- Data to process
★ ★ ★ ★ ★ ★ ★
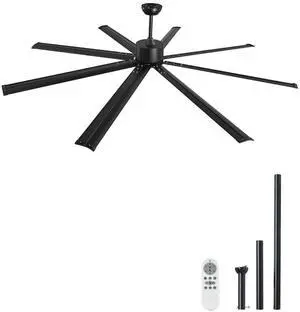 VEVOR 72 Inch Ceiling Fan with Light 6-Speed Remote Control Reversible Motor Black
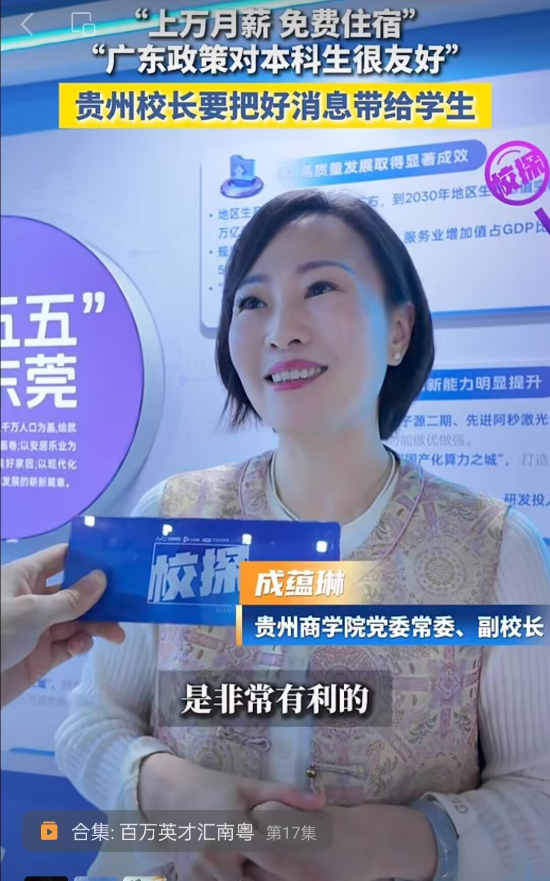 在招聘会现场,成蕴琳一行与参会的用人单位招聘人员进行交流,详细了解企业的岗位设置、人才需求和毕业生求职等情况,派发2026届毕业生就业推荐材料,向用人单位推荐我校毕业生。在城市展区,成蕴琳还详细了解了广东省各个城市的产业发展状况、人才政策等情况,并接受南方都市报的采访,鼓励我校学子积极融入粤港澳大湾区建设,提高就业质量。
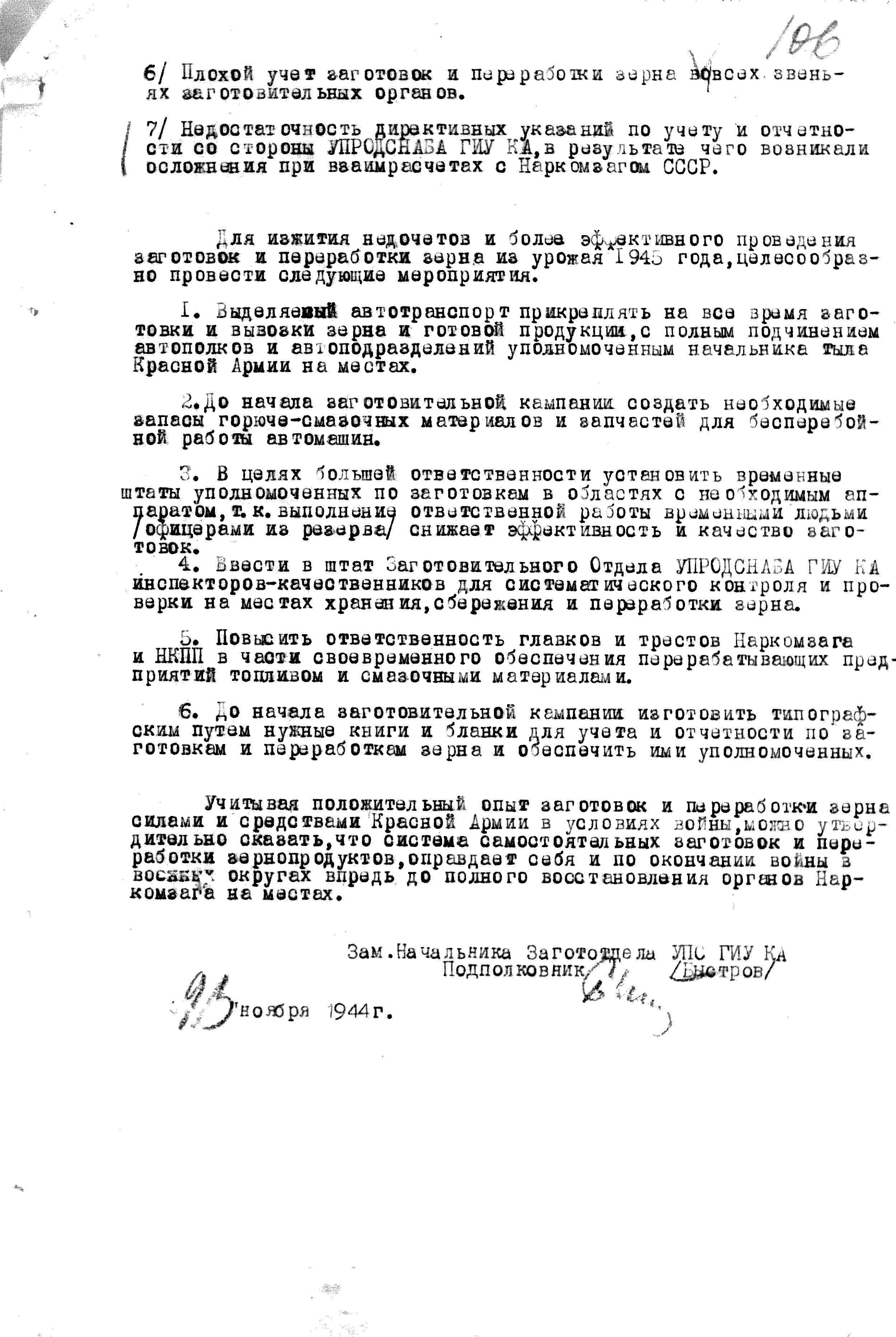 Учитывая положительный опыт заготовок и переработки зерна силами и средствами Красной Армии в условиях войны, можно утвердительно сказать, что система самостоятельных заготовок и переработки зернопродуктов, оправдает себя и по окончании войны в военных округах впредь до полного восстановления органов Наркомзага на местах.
★ ★ ★ ★ ★ ★ ★
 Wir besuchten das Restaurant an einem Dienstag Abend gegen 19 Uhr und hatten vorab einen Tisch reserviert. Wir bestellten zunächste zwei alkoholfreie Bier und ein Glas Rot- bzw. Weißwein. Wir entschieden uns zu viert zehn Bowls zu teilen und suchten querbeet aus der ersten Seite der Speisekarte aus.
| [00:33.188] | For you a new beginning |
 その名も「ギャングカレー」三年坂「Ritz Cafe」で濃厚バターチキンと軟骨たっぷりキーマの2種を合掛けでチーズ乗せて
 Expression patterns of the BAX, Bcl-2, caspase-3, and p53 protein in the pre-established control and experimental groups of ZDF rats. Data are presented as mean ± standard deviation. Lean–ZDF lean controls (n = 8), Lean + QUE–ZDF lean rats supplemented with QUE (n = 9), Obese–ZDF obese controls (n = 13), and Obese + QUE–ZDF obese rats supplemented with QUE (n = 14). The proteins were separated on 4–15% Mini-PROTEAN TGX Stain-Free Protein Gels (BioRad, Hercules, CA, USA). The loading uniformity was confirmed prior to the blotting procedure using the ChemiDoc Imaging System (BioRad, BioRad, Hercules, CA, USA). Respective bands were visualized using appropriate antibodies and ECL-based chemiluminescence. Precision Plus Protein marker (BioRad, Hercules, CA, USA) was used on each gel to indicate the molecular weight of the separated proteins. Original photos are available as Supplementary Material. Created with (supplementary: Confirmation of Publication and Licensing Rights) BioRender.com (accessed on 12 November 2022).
★ ★ ★ ★ ★ ★ ★
Would you give again, exactly, the lines in the data above that run from the line containing "VEVOR 72 Inch" to the line containing "Учитывая положительный опыт"? Include both ends and no pictures.

 VEVOR 72 Inch Ceiling Fan with Light 6-Speed Remote Control Reversible Motor Black
 在招聘会现场,成蕴琳一行与参会的用人单位招聘人员进行交流,详细了解企业的岗位设置、人才需求和毕业生求职等情况,派发2026届毕业生就业推荐材料,向用人单位推荐我校毕业生。在城市展区,成蕴琳还详细了解了广东省各个城市的产业发展状况、人才政策等情况,并接受南方都市报的采访,鼓励我校学子积极融入粤港澳大湾区建设,提高就业质量。
 Учитывая положительный опыт заготовок и переработки зерна силами и средствами Красной Армии в условиях войны, можно утвердительно сказать, что система самостоятельных заготовок и переработки зернопродуктов, оправдает себя и по окончании войны в военных округах впредь до полного восстановления органов Наркомзага на местах.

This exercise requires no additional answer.